Tag: Falstaff

  • Bukowski and the Three Flies

    From his father’s crap he falls
    into the bar and plops his basket
    down on a stool and asks
    for a tall Falstaff.
    Three flies fasten to him,
    ogling the brew.

    One runs her fingers through his thick brew
    and pules until he falls
    into her arms and she pulls him
    off his stout cask
    and steals a sip of his Falstaff.
    Another asks,

    touching his face masked,
    with slender pink nails running the rim of his brew,
    tracing the scars on his face,
    when did he first fall
    spoiled and askew.
    The third takes off his shoes and hums a hymn,

    tenderly rubbing his feet, humming,
    his feet half-soled with beach tar, trash
    cans, hums for three hours until Buk is as sober as
    an oaken church pew,
    and the bar flies all fall
    to the bottom of a glass stuck with Falstaff.
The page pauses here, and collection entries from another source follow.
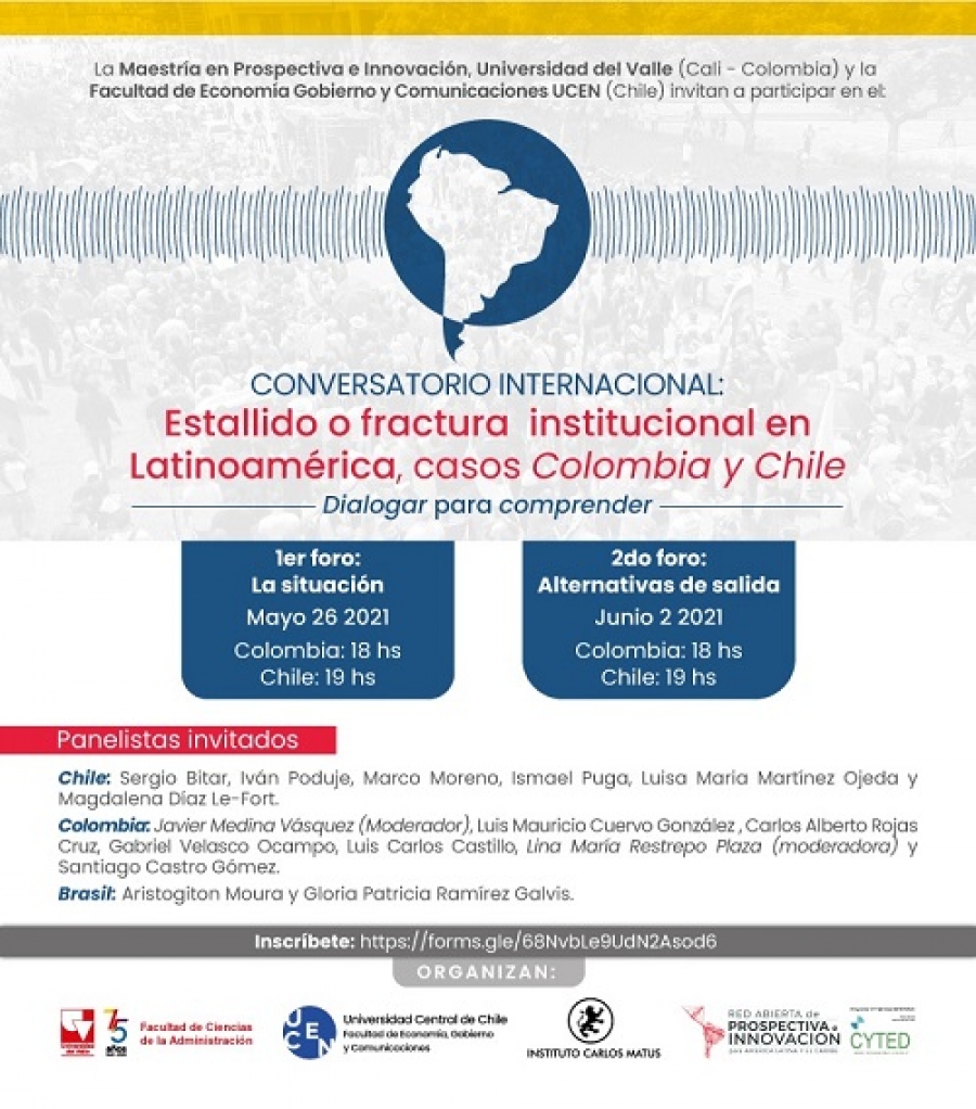 El próximo miércoles 26 de mayo y miércoles 02 de junio a las 6:00 p.m. (hora Colombia) y 7:00 p.m. (hora Chile), se llevará a cabo de manera virtual, el Conversatorio Internacional Estallido o fractura institucional en Latinoamérica, casos Colombia y Chile, el cual tiene como propósito analizar las crisis político-institucionales recientes en América Latina, específicamente las ocurridas en Colombia y en el país austral.
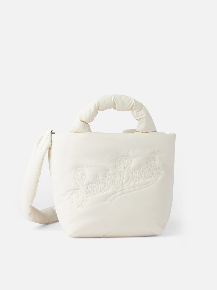 • Light blue rib knit Colette handbag with logo embroidery - MC2 Saint Barth Light blue rib knit Colette handbag with logo embroidery - MC2 Saint Barth
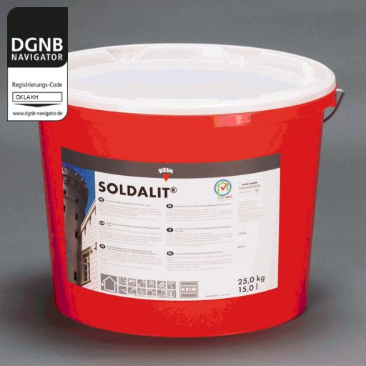 KEIM Soldalit ist eine hochspezialisierte,silikatische Fassadenfarbe auf Basis einer bewährten Bindemittelkombination von Kieselsol und Wasserglas.Diese Bindemittelkombination ermöglicht silikatische Anstriche nicht nur auf mineralischen, sondern auch auf einer Vielzahl organischer Untergründe – direkt und ohne zusätzliche Haftbrücken. Damit begründet KEIM Soldalit eine neue Generation der Silikatfarbe, die Sol-Silikatfarbe, die eine bis heute nicht gekannte Anwendungsbreite erlaubt. Gefüllt und pigmentiert mit witterungsbeständigen Füllstoffen und rein anorganischen Pigmenten verbindet KEIM Soldalit alle Vorteile der klassischen Dispersionssilikatfarbe mit der Untergrundvielfalt organisch gebundener Farbsysteme.
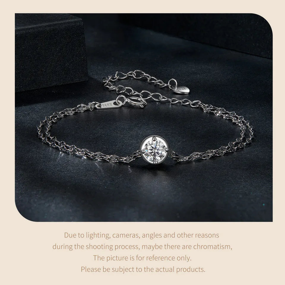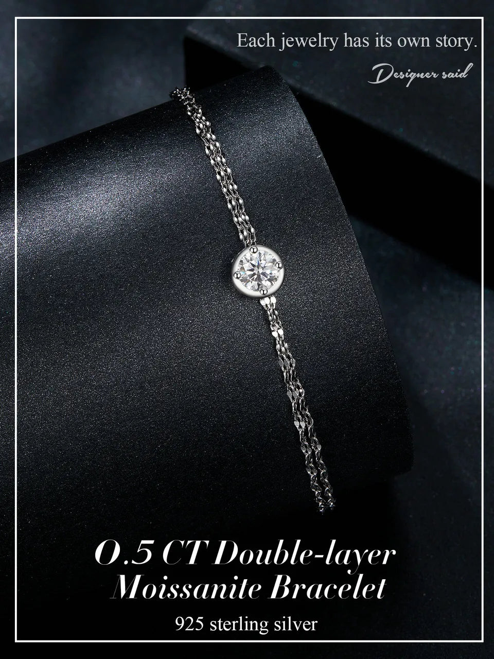 “Double-Layer Moissanite Sterling Silver Bracelet for Women”
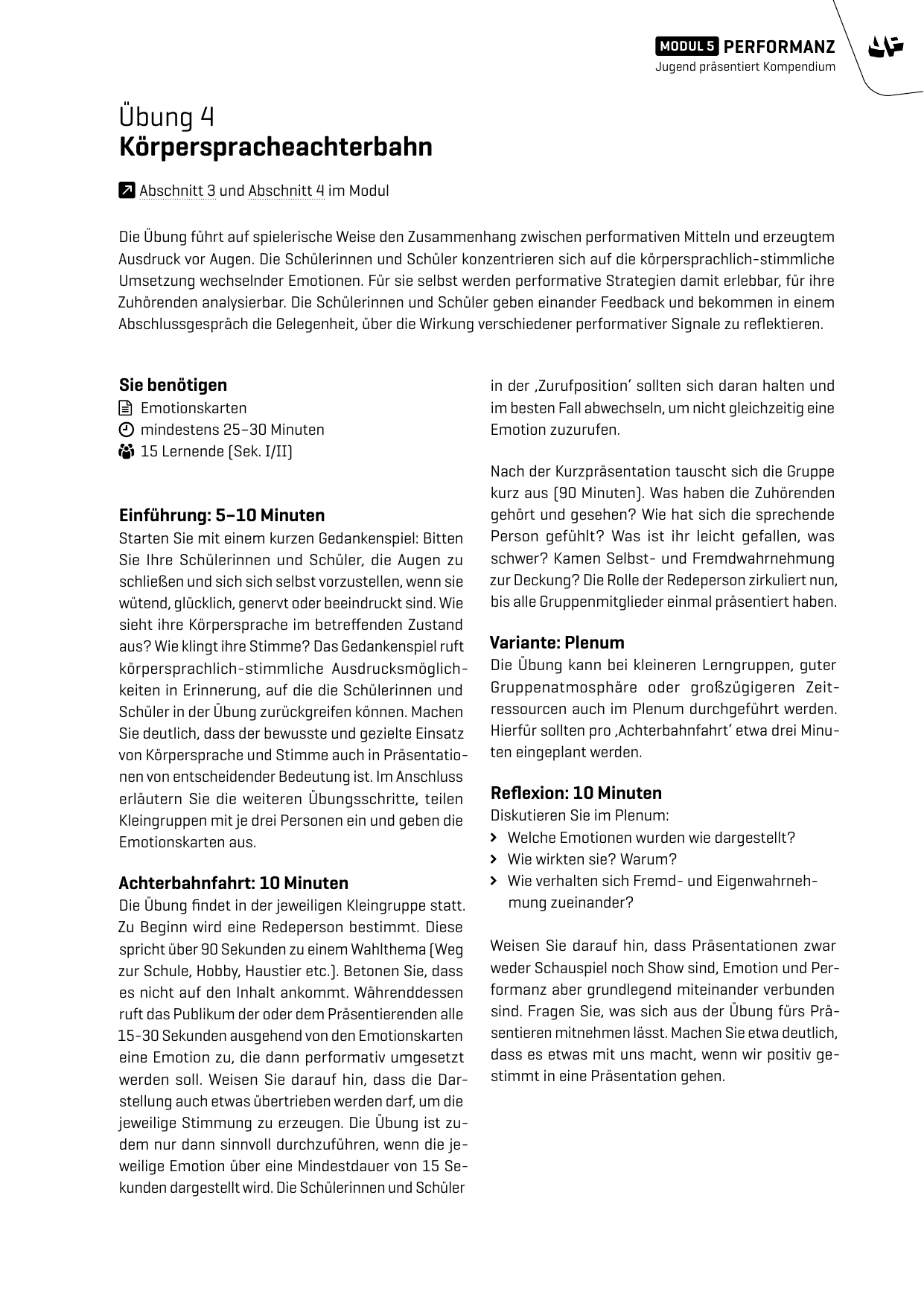 Lernende erkunden in Gruppen Ausdrucksmittel durch das performative Umsetzen zugerufener Emotionen.
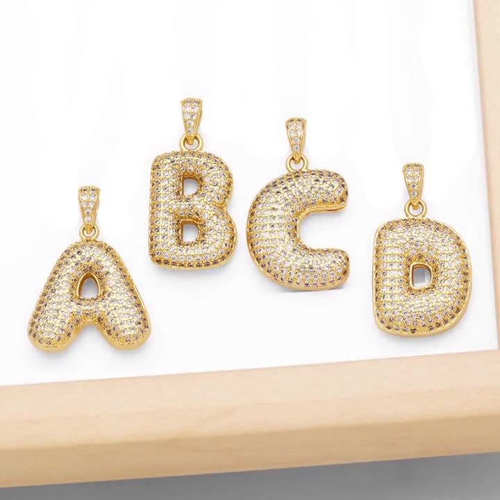 Cross-Border New Copper Inlaid Zircon 26 English Letter Pendants Full of Diamonds 18K Letter Necklace Personalized Hip-Hop Necklace

    Bukowski from the floor asks for a pint of Falstaff,
    singing a rum tum hymn,
    swatting the air for the flies just fallen.
    The stout sober poet stands ajar and asks
    for just one last brew.
    He rises and drifts like a hot air balloon falls,

    and bewildered asks
    for a full glass of Falstaff,
    a newly fresh falling brew.
    Buk’s humming the fly’s hymn,
    up again, like an upright cask,
    but his hoops break apart and the large man falls,

    misses the last call, and the bartender hoses and flushes him
    and the fallen Falstaff and the flies from the bar, a huge task,
    washes out the flies and brew, and into the gutter they barrel.